* MATERIALS PROVIDED *
- Opening Delimiter -

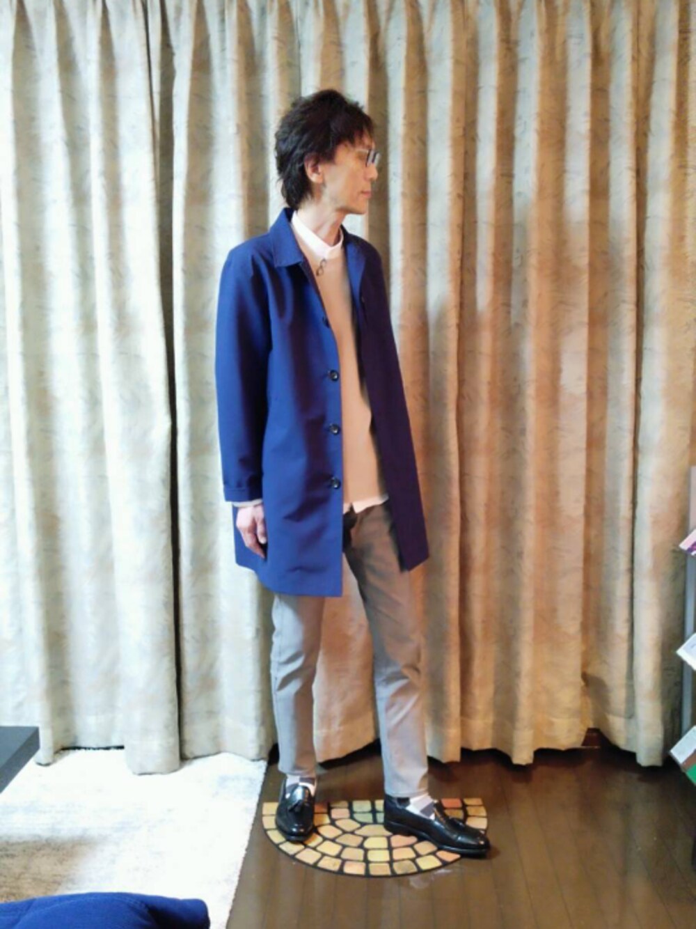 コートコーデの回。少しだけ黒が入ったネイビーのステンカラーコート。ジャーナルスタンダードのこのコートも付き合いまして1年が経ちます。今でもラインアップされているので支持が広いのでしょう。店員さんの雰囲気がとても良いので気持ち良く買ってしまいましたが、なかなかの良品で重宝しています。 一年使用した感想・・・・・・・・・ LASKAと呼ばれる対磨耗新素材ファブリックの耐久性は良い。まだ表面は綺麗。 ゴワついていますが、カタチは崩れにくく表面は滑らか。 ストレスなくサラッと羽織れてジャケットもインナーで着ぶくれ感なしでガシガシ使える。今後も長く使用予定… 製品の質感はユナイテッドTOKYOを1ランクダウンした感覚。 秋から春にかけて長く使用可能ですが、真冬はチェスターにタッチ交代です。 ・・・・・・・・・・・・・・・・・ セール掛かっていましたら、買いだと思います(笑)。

- Closing Delimiter -
- Opening Delimiter -

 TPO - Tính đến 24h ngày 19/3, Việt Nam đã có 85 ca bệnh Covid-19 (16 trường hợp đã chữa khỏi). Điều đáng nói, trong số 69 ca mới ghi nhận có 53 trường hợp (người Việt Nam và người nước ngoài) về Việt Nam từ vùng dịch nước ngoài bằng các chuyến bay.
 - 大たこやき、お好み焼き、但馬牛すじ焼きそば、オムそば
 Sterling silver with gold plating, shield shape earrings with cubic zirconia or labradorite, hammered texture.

- Closing Delimiter -

* EXERCISE GOAL *
Retype exactly the lines above, from the one with "TPO - Tính đến" through the one with "Sterling silver with", inclusive.

* SOLUTION FOR THIS PROBLEM *
 TPO - Tính đến 24h ngày 19/3, Việt Nam đã có 85 ca bệnh Covid-19 (16 trường hợp đã chữa khỏi). Điều đáng nói, trong số 69 ca mới ghi nhận có 53 trường hợp (người Việt Nam và người nước ngoài) về Việt Nam từ vùng dịch nước ngoài bằng các chuyến bay.
 - 大たこやき、お好み焼き、但馬牛すじ焼きそば、オムそば
 Sterling silver with gold plating, shield shape earrings with cubic zirconia or labradorite, hammered texture.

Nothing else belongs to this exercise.